§ REQUIRED WORK: Beginning at the top of the data below, restate every line word for word until the line containing "2014-2018年廢舊電池回收量及總報廢量(單位:萬噸)" has been included, and omit the pictures.

§ DATASET EXCERPT:

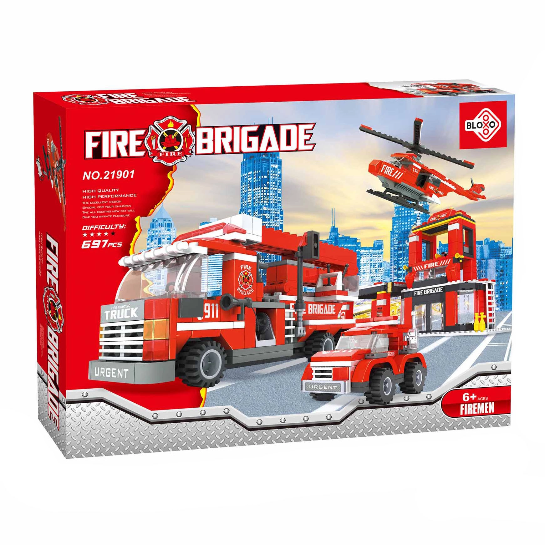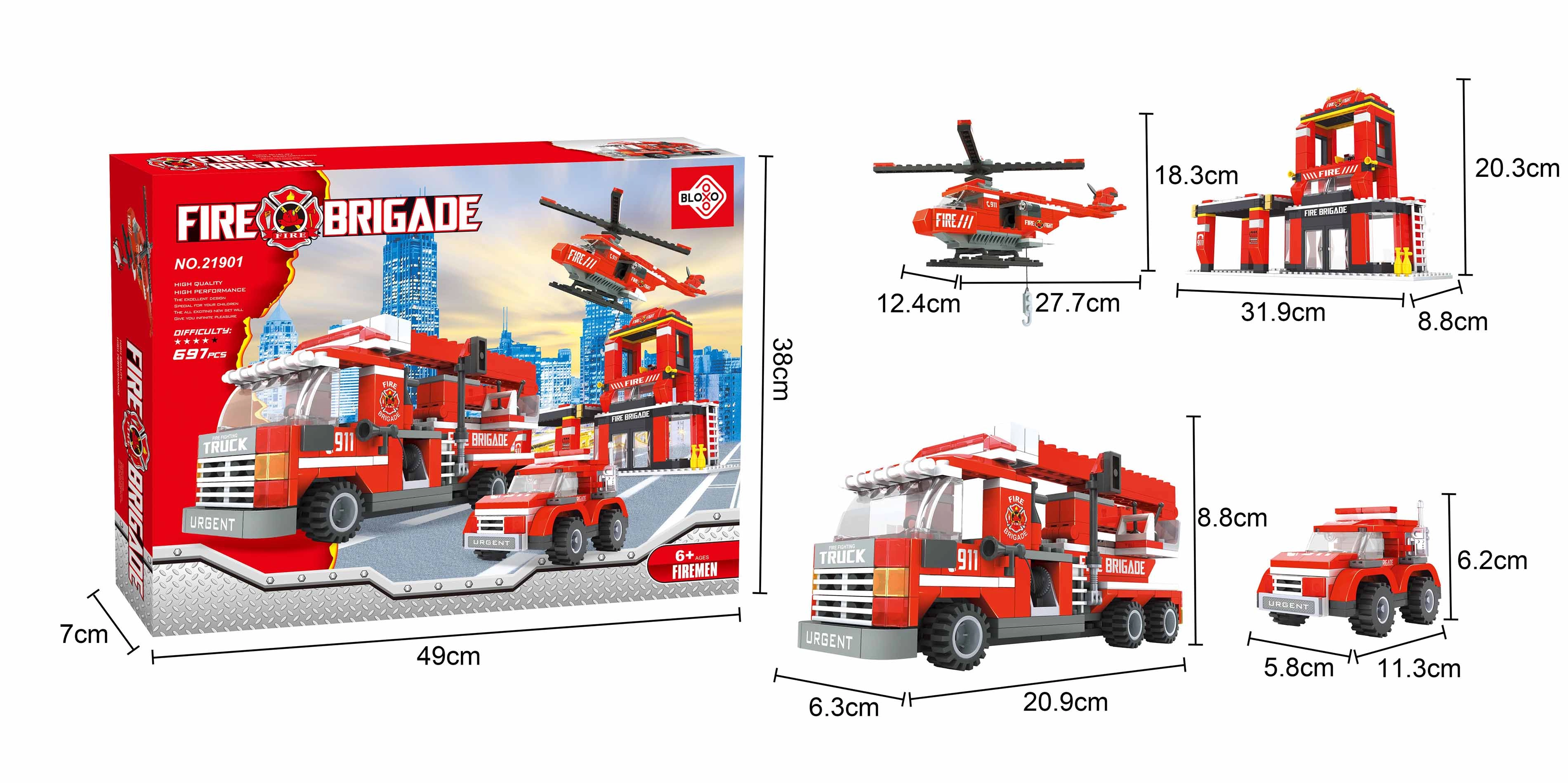 Set di costruzione compatibile Bloxo Vigili del Fuoco 636 pezzi
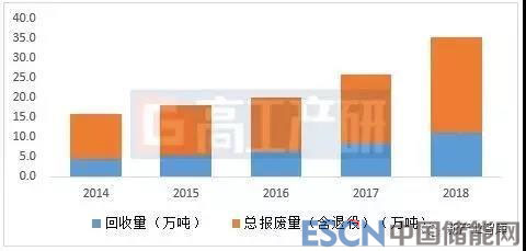 2014-2018年廢舊電池回收量及總報廢量(單位:萬噸)
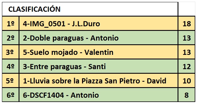 VOTACIÓN POR PUNTOS DE LOS PARTICIPANTES: este sistema es el sistema habitual de votaciones que siempre hemos utilizado. Para agilizar la resolución del mismo la votación debe enviarse a 12meses12fotosasfocal@gmail.com junto con el nombre de cada participante, en los 5 días siguientes al 28 de cada mes, que es cuando se cierra cada convocatoria (a las 23:59). Todos los participantes están obligados a votar dentro del plazo indicado, siendo eliminado de la convocatoria de ese mes si no lo hace y los puntos que le hayan otorgado serán retirados y no computarán. Se otorgarán 5, 4, 3, 2 y 1 punto a las cinco mejores fotos según vuestro criterio de entre todas las presentadas, entendiendo el ‘5’ como la mejor foto y el ‘1’ como la menos valorada. En caso de empate a puntos de dos o mas fotografias, ganará la que mayor número de puntuaciones altas haya obtenido. Todas las fotos estarán numeradas correlativamente e irán acompañadas del título de la misma, si el autor ha titulado la obra.
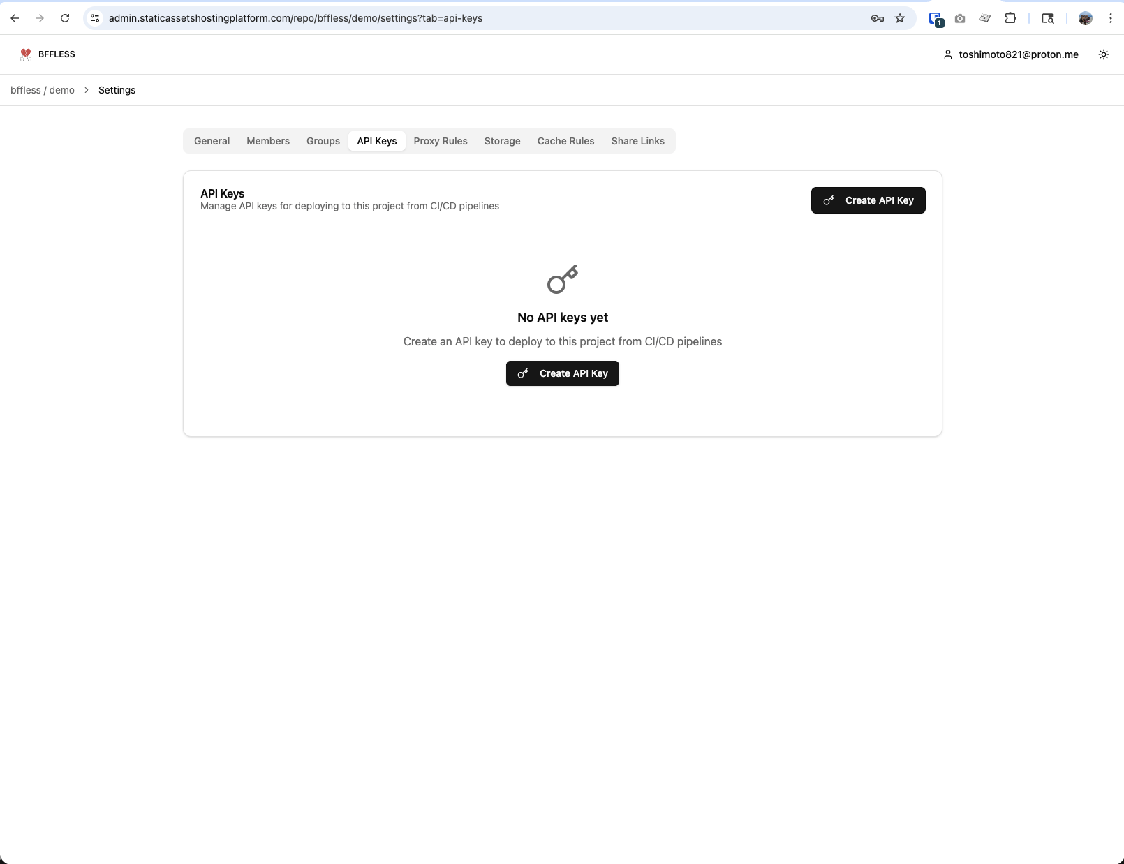 API keys authenticate your CI/CD pipeline to upload assets to this repository.

§ FINISHED EXERCISE:
 Set di costruzione compatibile Bloxo Vigili del Fuoco 636 pezzi
 2014-2018年廢舊電池回收量及總報廢量(單位:萬噸)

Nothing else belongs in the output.